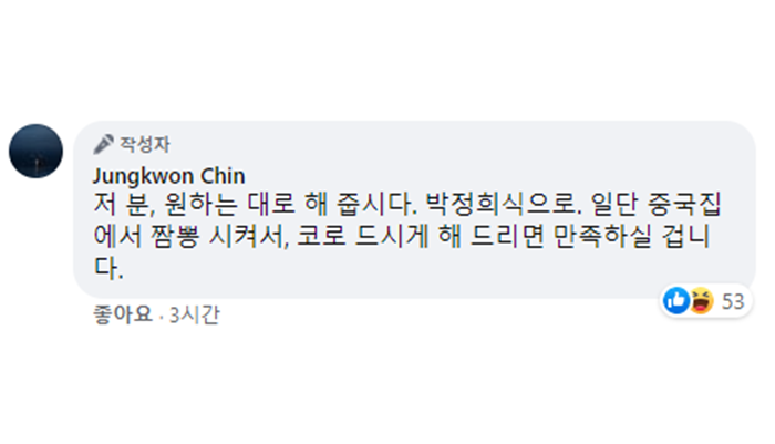 또한 그는 댓글을 통해 “저 분, 원하는 대로 해 줍시다. 박정희식으로. 일단 중국집에서 짬뽕 시켜서, 코로 드시게 해 드리면 만족하실 겁니다”고 말했다.
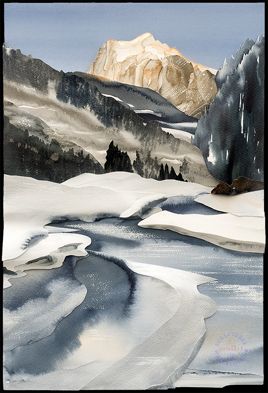 The Wetterhorn is bathed in afternoon sunlight, whist the Schwarze-Lütschine River is almost covered in ice. This part of the valley receives no direct winter sunshine and so remains relatively cold.
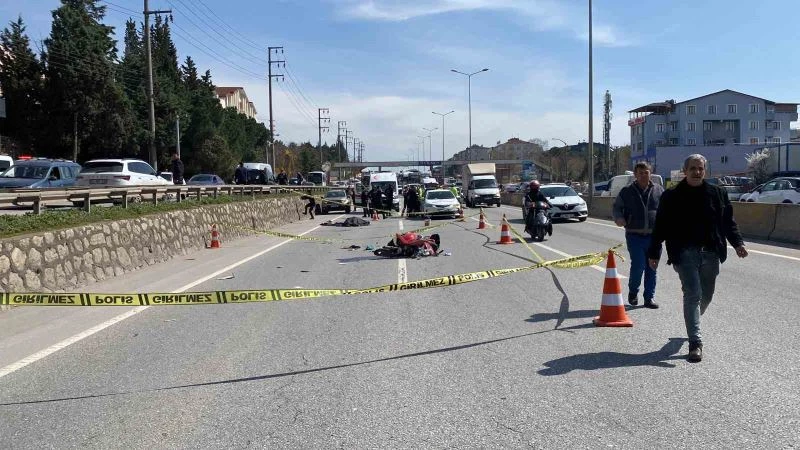 Kocaeli’nin Derince ilçesinde iki kardeşin üzerinde bulunduğu motosiklet, sürücüsünün hakimiyeti kaybetmesiyle orta şeritte seyir halinde olan tırın dorsesinin altına yuvarlandı. Feci kazada motosiklet sürücüsü hayatını kaybetti.

********************

** Instructions for the task **
Give back exactly the lines from the opening of the listing through the line holding "The Wetterhorn is", both ends included, with every picture omitted.

** Your response **
 또한 그는 댓글을 통해 “저 분, 원하는 대로 해 줍시다. 박정희식으로. 일단 중국집에서 짬뽕 시켜서, 코로 드시게 해 드리면 만족하실 겁니다”고 말했다.
 The Wetterhorn is bathed in afternoon sunlight, whist the Schwarze-Lütschine River is almost covered in ice. This part of the valley receives no direct winter sunshine and so remains relatively cold.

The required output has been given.